Clearly I am not the only one here as john_strinlai here seems to have had somewhat of the same conclusion as me.
Dang I know you care about this community so can you please talk more what you think about this in particular as well.
I understand that YC companies get preferential treatment, Fine by me. But this feels something larger to me
I have written everything that I could find in this thread from the same post being shown here 3 days ago in anywhere.ai link to now changing to github to skirt off HN rule that same link can't be posted in short period of time and everything.
This feels somewhat intentional just like the spam issue, I hope you understand what I mean.
(If you also feel suspicious, Can you then do a basic analysis/investigiation with all of these suspicious points in mind and everything please as well and upload the results in an anonymous way if possible?)
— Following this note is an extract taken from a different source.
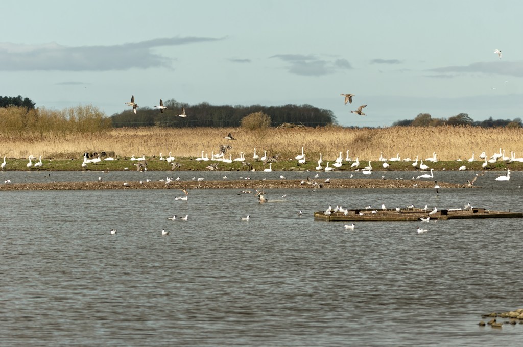 Recently, Backwoodsman was offered, and was very grateful to make, a visit to WWT Martin Mere. The visit took place on March 11th in 2025 – thank you Mother for taking me. We were fortunate to visit before the feeding stopped on March 16th; it seems likely that the five hundred or so Whooper Swans which had wintered on the reserve would probably then head back to Russia, weather permitting. According to social media posts, the numbers of Whoopers were down below three hundred by March 17th and there were just ten on the reserve by March 24th.

I wish you to have a nice day and waiting for your thoughts on all of this.
If https://news.ycombinator.com/item?id=47327129 and https://news.ycombinator.com/item?id=47328465 don't answer your questions, can you maybe try picking the most important question and making it as specific as you can? Then I can take a crack at that and we can go from there.
iharnoor 1 karma, 1 comment, in this thread.
two posts pointing out their extremely unethical spam behavior both shot down to the very bottom of the post. apparently suspicious voting behavior.
what the hell is going on?
I was gonna comment about this guy and iharnoor which is 7 month old account who literally only said "lets go" here
This sort of makes me even more suspicious john especially iharnoor
I wasn't responding because I was making archive link of all of this so that even messages deleted can have some basis of confirmation.